═══ AVAILABLE DATA
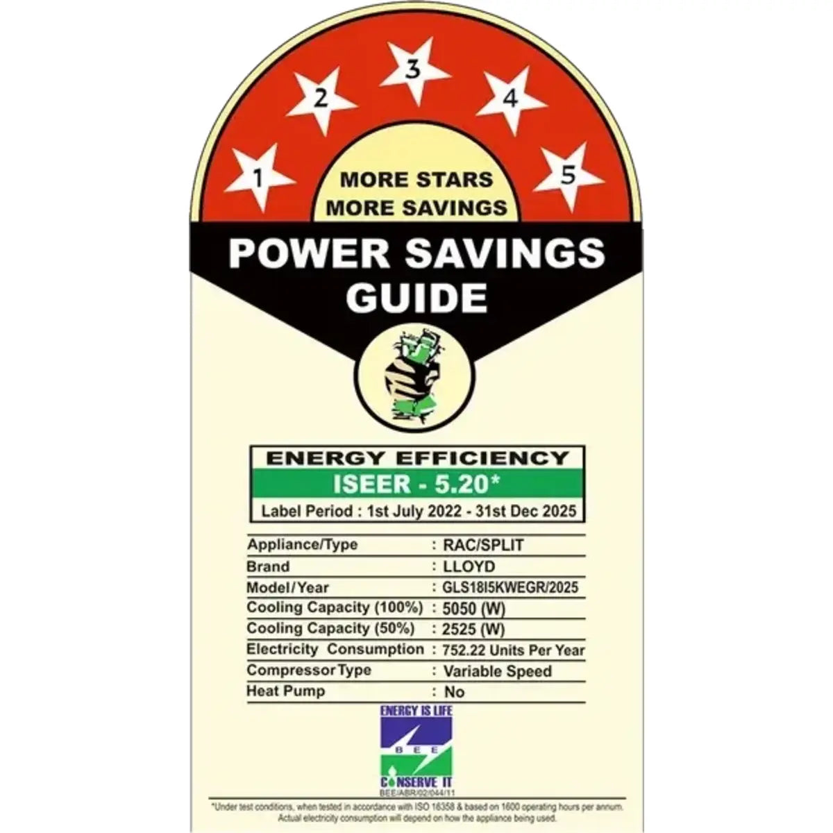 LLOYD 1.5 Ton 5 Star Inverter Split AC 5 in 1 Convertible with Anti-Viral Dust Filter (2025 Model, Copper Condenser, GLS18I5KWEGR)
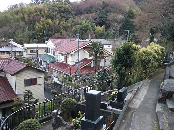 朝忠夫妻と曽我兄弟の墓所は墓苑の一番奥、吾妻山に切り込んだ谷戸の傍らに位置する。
══════
═══ AVAILABLE DATA
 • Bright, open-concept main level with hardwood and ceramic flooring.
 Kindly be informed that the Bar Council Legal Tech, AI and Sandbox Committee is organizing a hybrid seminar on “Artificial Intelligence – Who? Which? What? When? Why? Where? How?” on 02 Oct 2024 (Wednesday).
══════
Beginning at the line above that contains "LLOYD 1.5 Ton" and going on through the line that contains "朝忠夫妻と曽我兄弟の墓所は墓", please copy every line exactly, leaving the pictures out and adding nothing.

 LLOYD 1.5 Ton 5 Star Inverter Split AC 5 in 1 Convertible with Anti-Viral Dust Filter (2025 Model, Copper Condenser, GLS18I5KWEGR)
 朝忠夫妻と曽我兄弟の墓所は墓苑の一番奥、吾妻山に切り込んだ谷戸の傍らに位置する。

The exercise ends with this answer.